Options in config files. "GPUs" can select the gpus. "Means" and "Stds" are used for the normalization. "arch" only supports the resnet structure, you can choose one from ['ResNet', 'resnet18', 'resnet34', 'resnet50', 'resnet101','resnet152', 'resnext50_32x4d', 'resnext101_32x8d']. "Downsampling" defines the downsampline rate of the feature map from the backbone, including [8, 16, 32]. "Using_pooling" decides whether to use the first pooling layer in resnet. "Using_dilation" decides whether to use the dilation convolution in resnet. "Using_pretrained_weights" decides whether to use the pretrained weights on ImageNet. "Using_CRF" decides whether to use the CRF to prepocess the input box annotations. It can help to refine the box to more close to the mask annotations. "img_size" and "in_channels" is the size and channel of the input image. "display_port" is the visdom port.

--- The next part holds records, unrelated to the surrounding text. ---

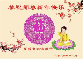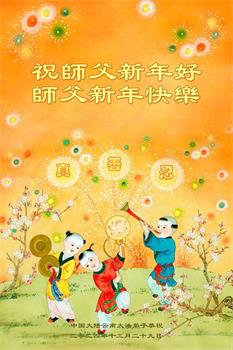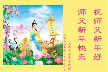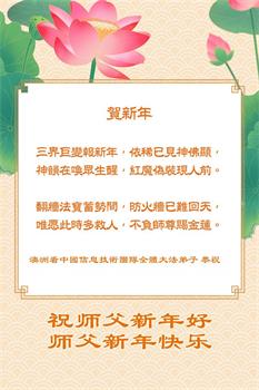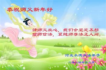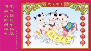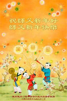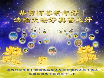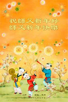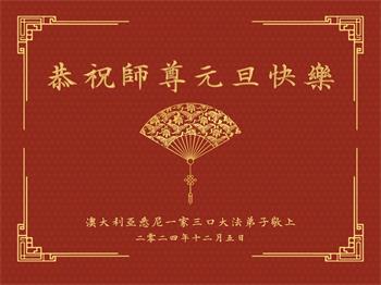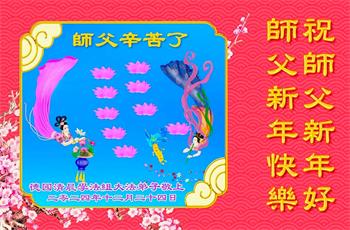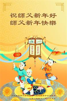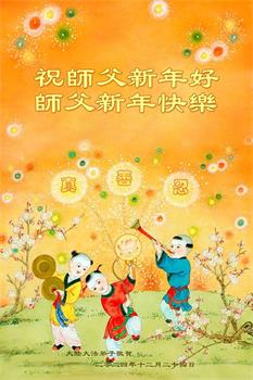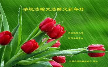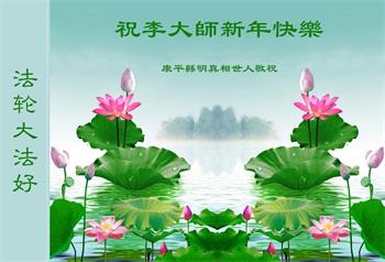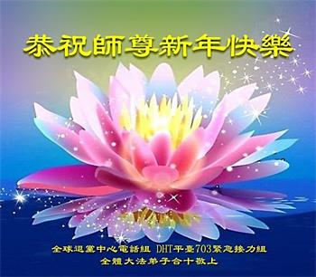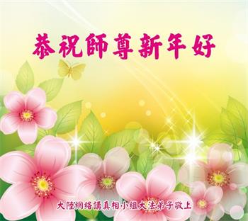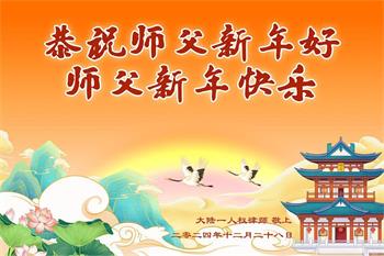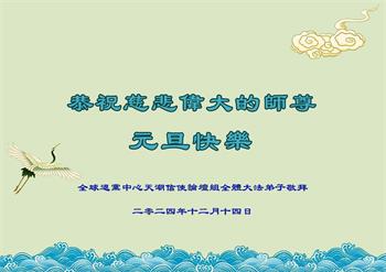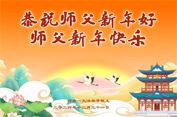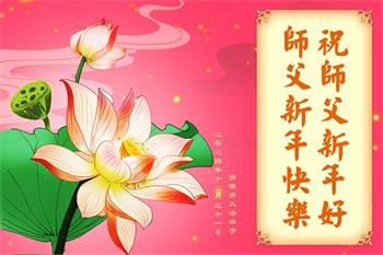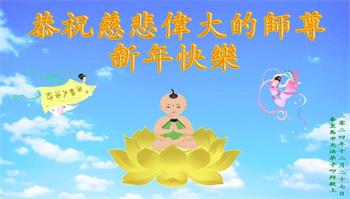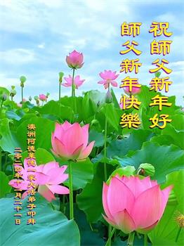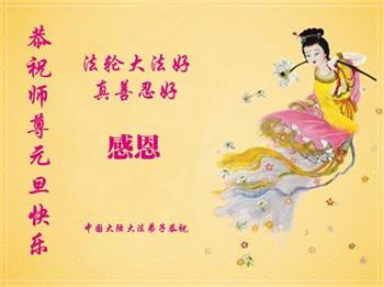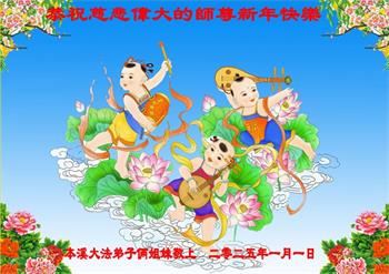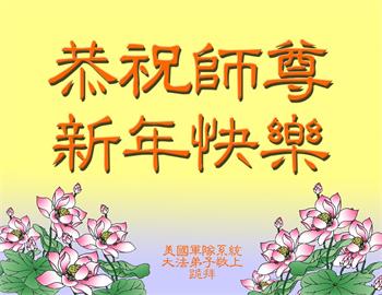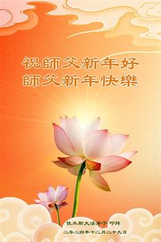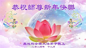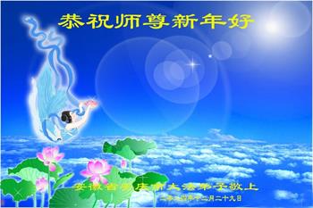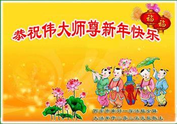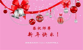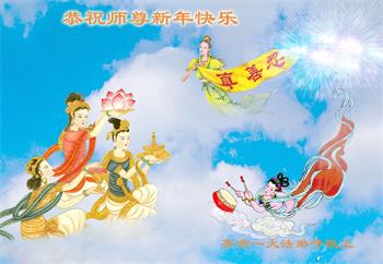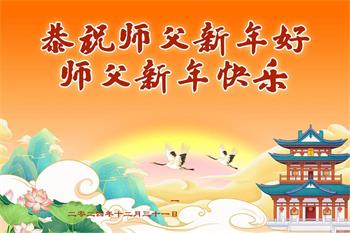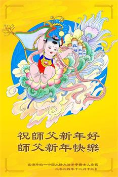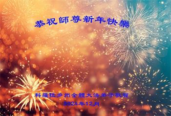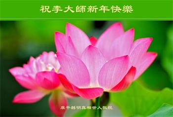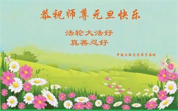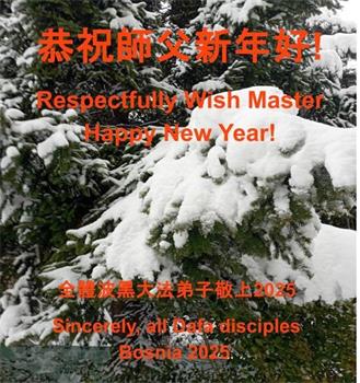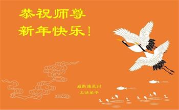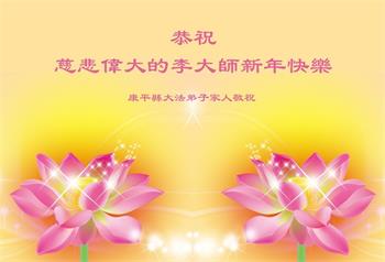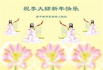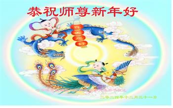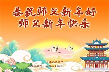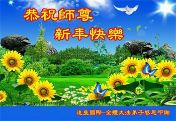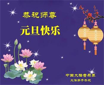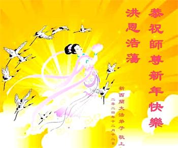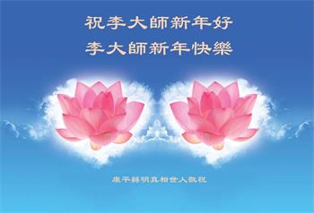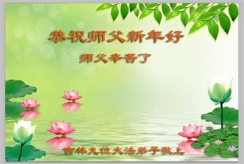 下面是部份来自美国、澳大利亚、加拿大、新西兰、德国、挪威、芬兰、爱沙尼亚、丹麦、荷兰、俄罗斯、奥地利、匈牙利、塞尔维亚、希腊、越南、印度、日本、韩国、新加坡、台湾、香港、老挝、马来西亚、印度尼西亚、泰国、阿富汗、秘鲁、哥伦比亚、哥斯达黎加、罗马尼亚、伊朗、阿联酋、波黑、保加利亚、波兰、以色列、乌克兰、英国、爱尔兰、法国、苏格兰、英格兰、西班牙、意大利、瑞士、瑞典、墨西哥、突尼斯、厄瓜多尔、比利时、葡萄牙、斯洛伐克、巴勒斯坦、沙特阿拉伯、阿拉伯叙利亚共和国、蒙古国、菲律宾、澳门、巴西、欧洲巴尔干地区、土耳其、等国家和地区大法弟子致敬师尊的新年问候。
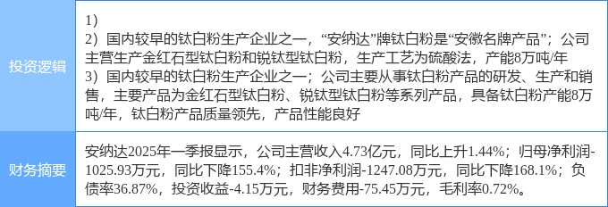 5月16日安 納 達(dá)漲停:新能源汽車,鈦白粉,有色金屬概念熱股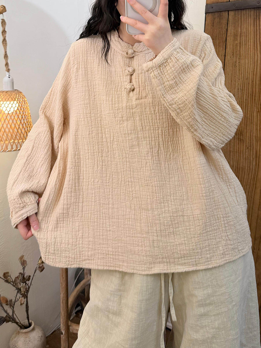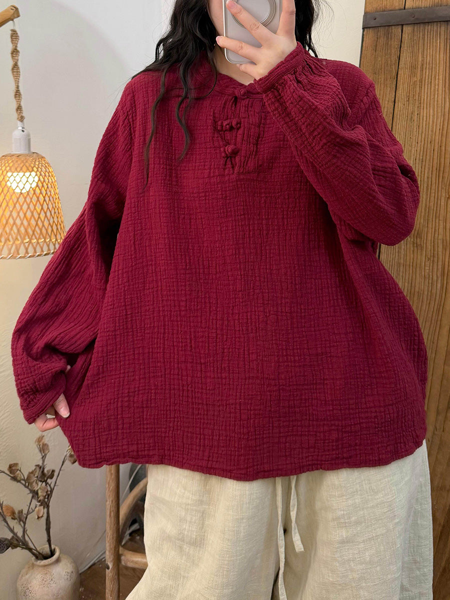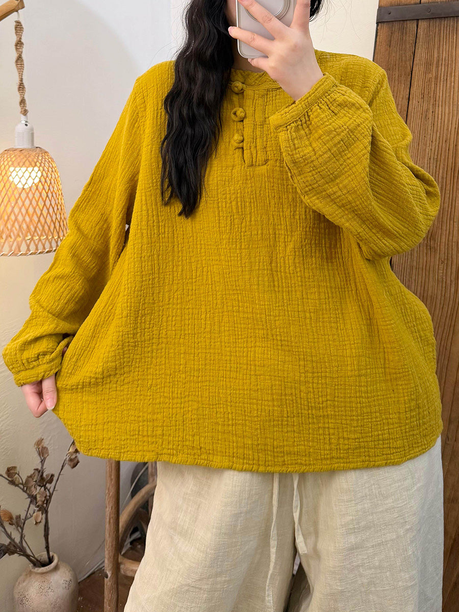 Blusa étnica de algodón con cuello alto y color puro para mujer

Options in utils/config.py. "model_savepath" is the path to save checkpoint. "outputs_path" is the path to save output results. "cam_w" and "cam_sigma" are the hyperparameters in the soft masking fuction in "refine_cams" function in models/AttentionModel/resnet.py. "cam_loss_sigma" is the hyperparameter for the soft masking in the abnormality attention map. "lse_r" is the hyperparameter for LSE pooling. "loss_ano", "loss_cls", "loss_ex_cls", "loss_bound", and "loss_union" are the weights for the weighting factors for different losses. "cls_thresh" is the threshold for classification prediction to calculate the accuracy. "cam_thresh" is the threshold for localization prediction to get the binary mask. "thresh_TIOU" and "thresh_TIOR" are the thresholds to calculate the TIoU and TIoR. "palette" defines the color for mask visualization.

Citation

If you use this code or our published annotations of CheXpert dataset for your research, please cite our paper.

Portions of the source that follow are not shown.